What do you guys have to say about the second theme ? Starts at 3.18 in that youtube video.


----------



## Charon (Sep 8, 2008)

Interestingly enough, I started to analyze this piece last night. I haven't done much musical analysis before on pieces this size and have only been learning analysis by myself with the aid of books and such (no classes). Because of this, I have a few questions about the exposition, which I have analyzed. Sorry if the questions sound stupid lol, I'm learning. I'd appreciate it if somebody could provide me with some insight on some of these.

1. What would the main theme be considered to be? My thought would be measures 1-4 since the motivic content seems to be developed the most in the development.
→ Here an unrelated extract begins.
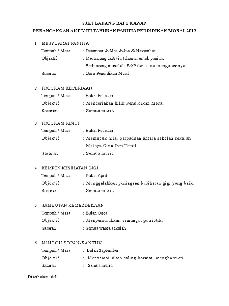 Perancangan Aktiviti Panitia Pendidikan Moral Sk Pdf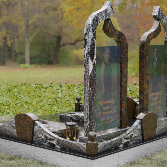 Этот эксклюзивный гранитный монумент (Артикул 256) является подлинным шедевром мемориальной архитектуры. Как мастер, посвятивший десятилетия работе с твердыми породами, я вижу в этой модели идеальный баланс между монументальностью и воздушностью. Композиция построена на безупречной симметрии двух зеркальных частей, которые словно оберегают покой ушедших. Центральные элементы ансамбля обрамлены изящными резными арками, чьи плавные, изогнутые линии напоминают купола или сложенные в молитве руки. Особое внимание уделено обработке граней: каждый изгиб тщательно отполирован до зеркального блеска, что создает завораживающую игру света на поверхности камня.

But there are other parts in the exposition that, receive a lot of attention for development too.

2. There seems to be a deceptive cadence in measure 10, and an authentic cadence two measures later in measure 12. Is this how most people would view it?

3. The Bb in measure 12... Is this part of the secondary dominant harmony V7 of IV? How else could the harmony at this point be interpreted?

4. Am I correct in analyzing the harmony in measures 17 and 19 as V of VI and V of V, respectively?

5. Where does the modulation to G take place? It sounds like it takes place in measure 19, which would make the pivot chord V of V in C, and V in G. Anybody have any other view?


----------



## janne (Apr 13, 2010)

If you could refer to the youtube video it would make things a lot easier for us who don't read scores.


----------